Segment Start: Exercise material

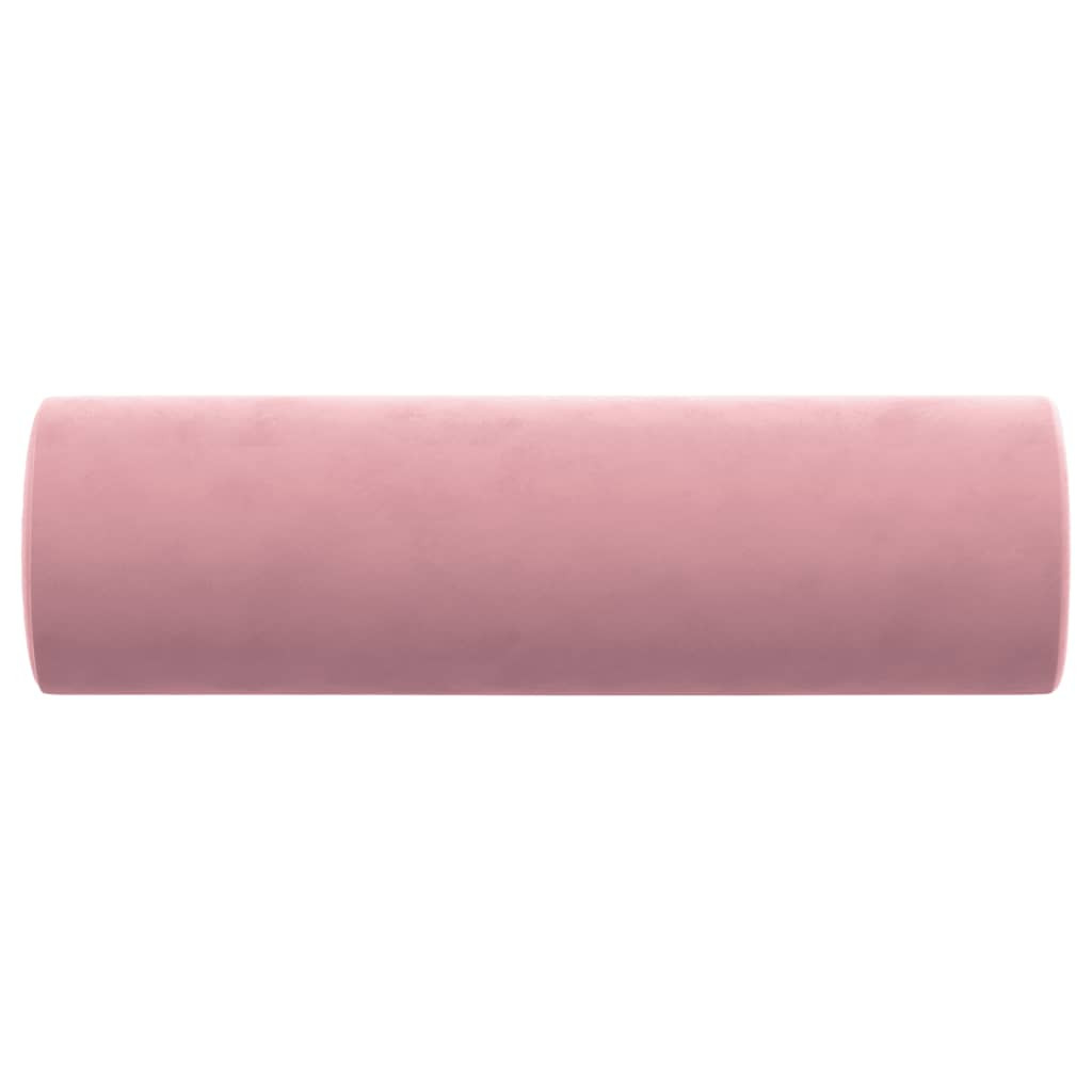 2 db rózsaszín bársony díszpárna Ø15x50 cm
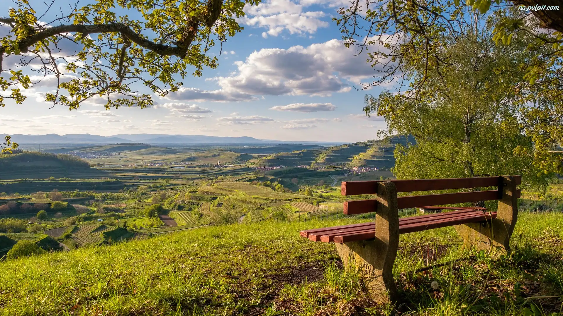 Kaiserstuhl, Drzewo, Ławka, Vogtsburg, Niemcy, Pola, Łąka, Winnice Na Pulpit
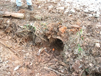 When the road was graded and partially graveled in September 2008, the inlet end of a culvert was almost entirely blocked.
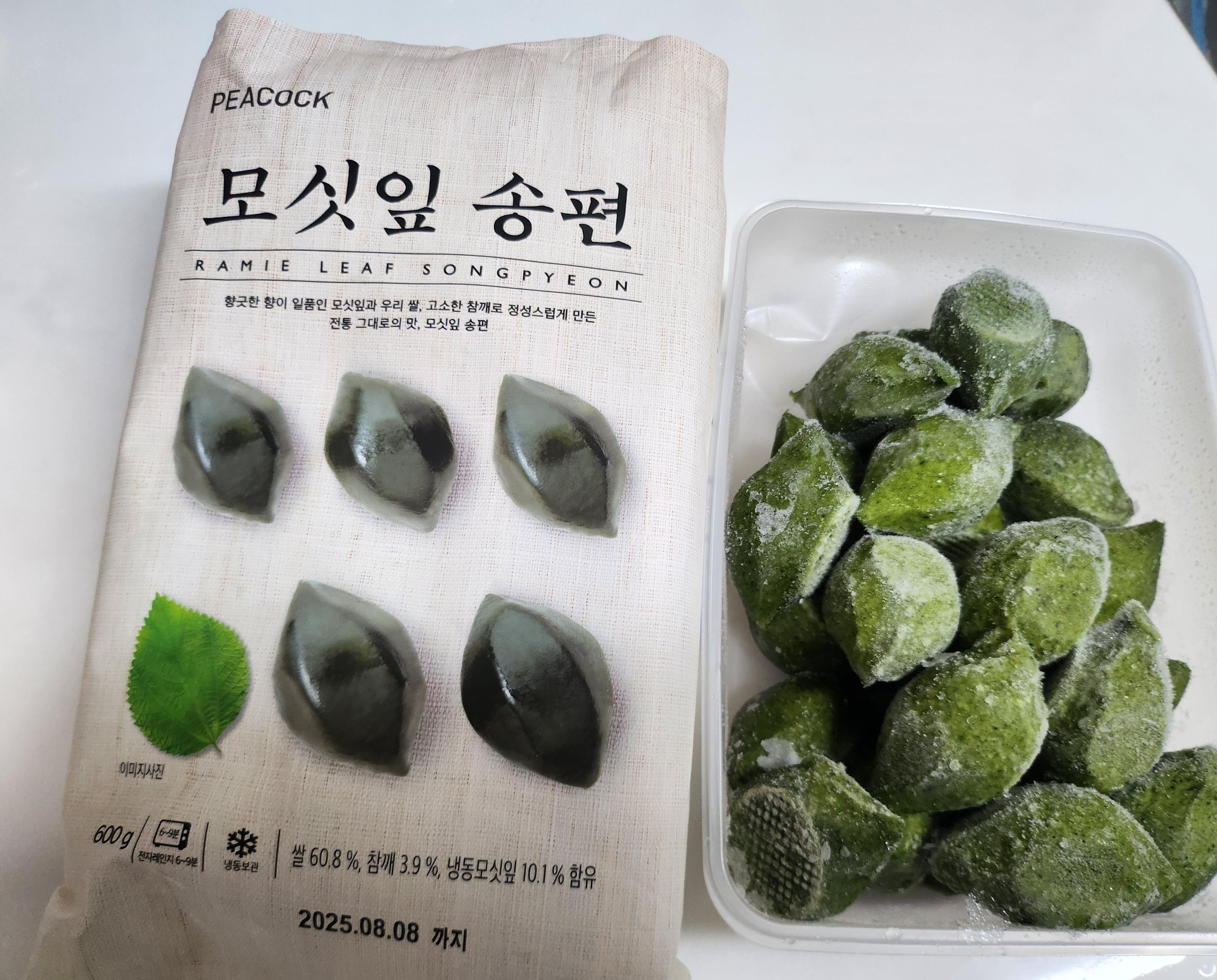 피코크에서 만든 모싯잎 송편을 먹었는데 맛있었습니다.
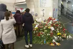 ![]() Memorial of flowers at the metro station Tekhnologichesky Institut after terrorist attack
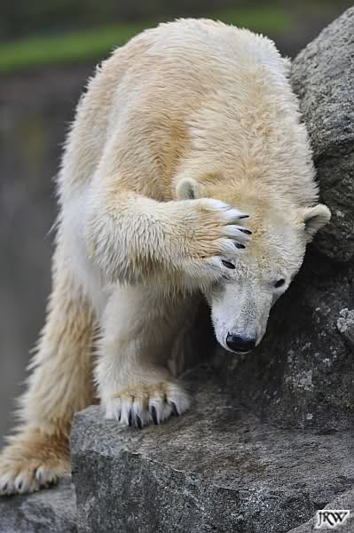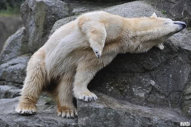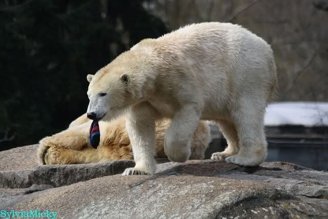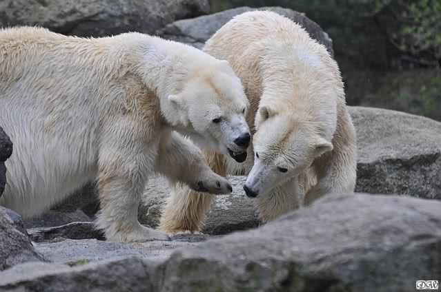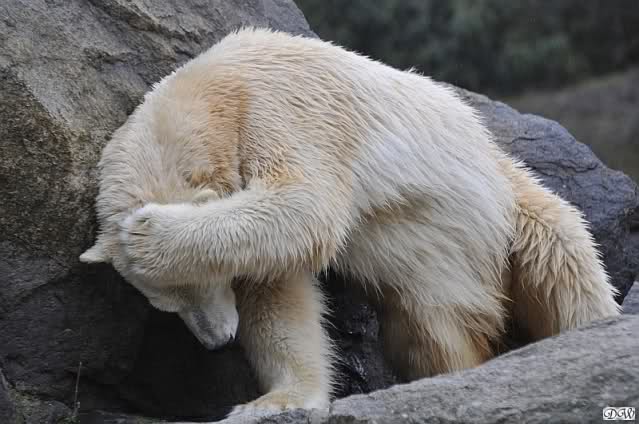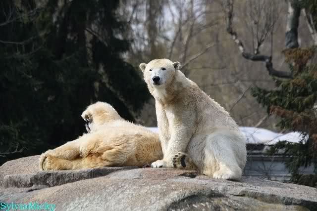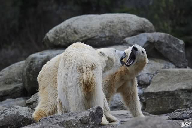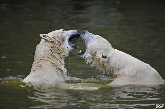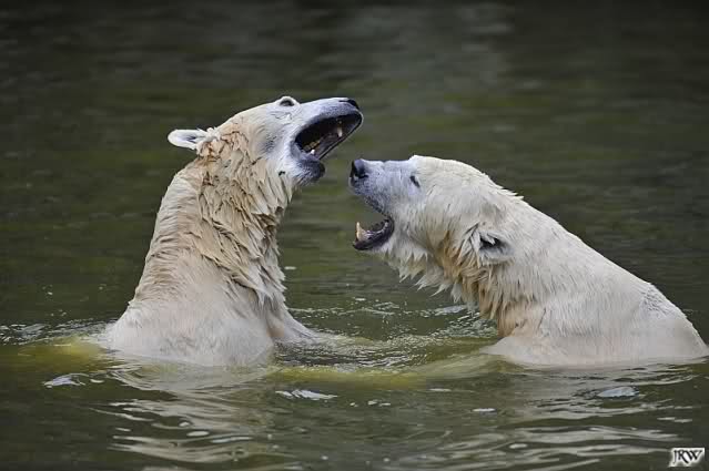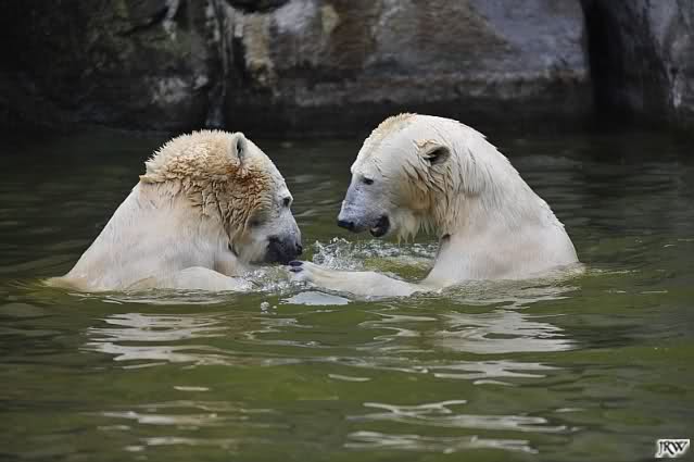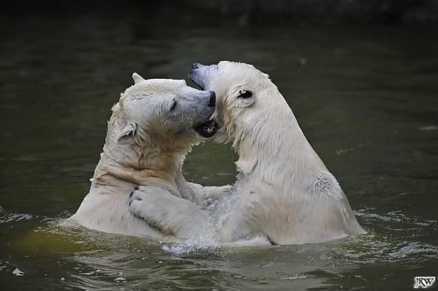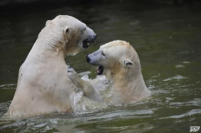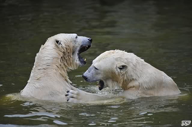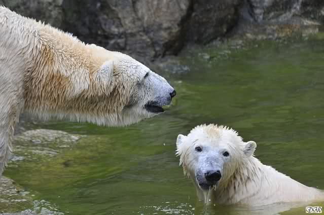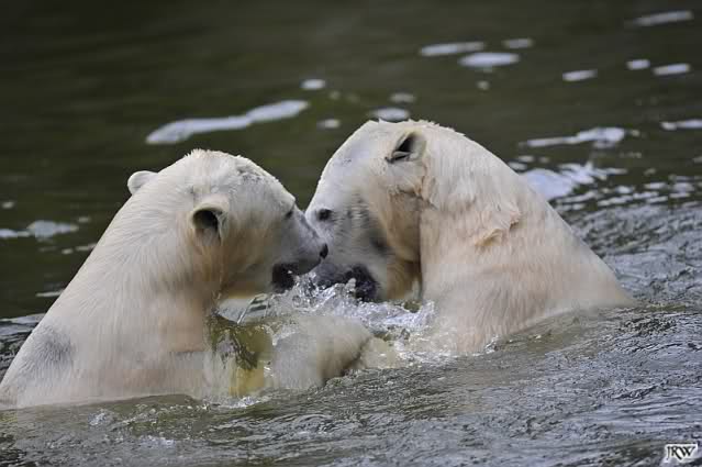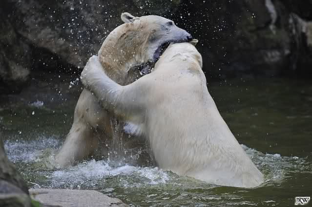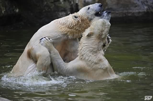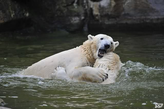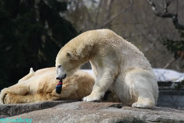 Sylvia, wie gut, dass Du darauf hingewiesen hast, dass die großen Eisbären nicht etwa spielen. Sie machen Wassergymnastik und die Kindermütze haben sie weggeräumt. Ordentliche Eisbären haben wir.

Segment End: Exercise material

◆ What is being asked ◆
Give back, exactly and with nothing added, the lines from the line with "피코크에서 만든 모싯잎 송편을 먹었는데 맛있었습니다." through the final line of the data, both included; leave pictures out.

◆ Solution to the problem ◆
 피코크에서 만든 모싯잎 송편을 먹었는데 맛있었습니다.
 ![]() Memorial of flowers at the metro station Tekhnologichesky Institut after terrorist attack
 Sylvia, wie gut, dass Du darauf hingewiesen hast, dass die großen Eisbären nicht etwa spielen. Sie machen Wassergymnastik und die Kindermütze haben sie weggeräumt. Ordentliche Eisbären haben wir.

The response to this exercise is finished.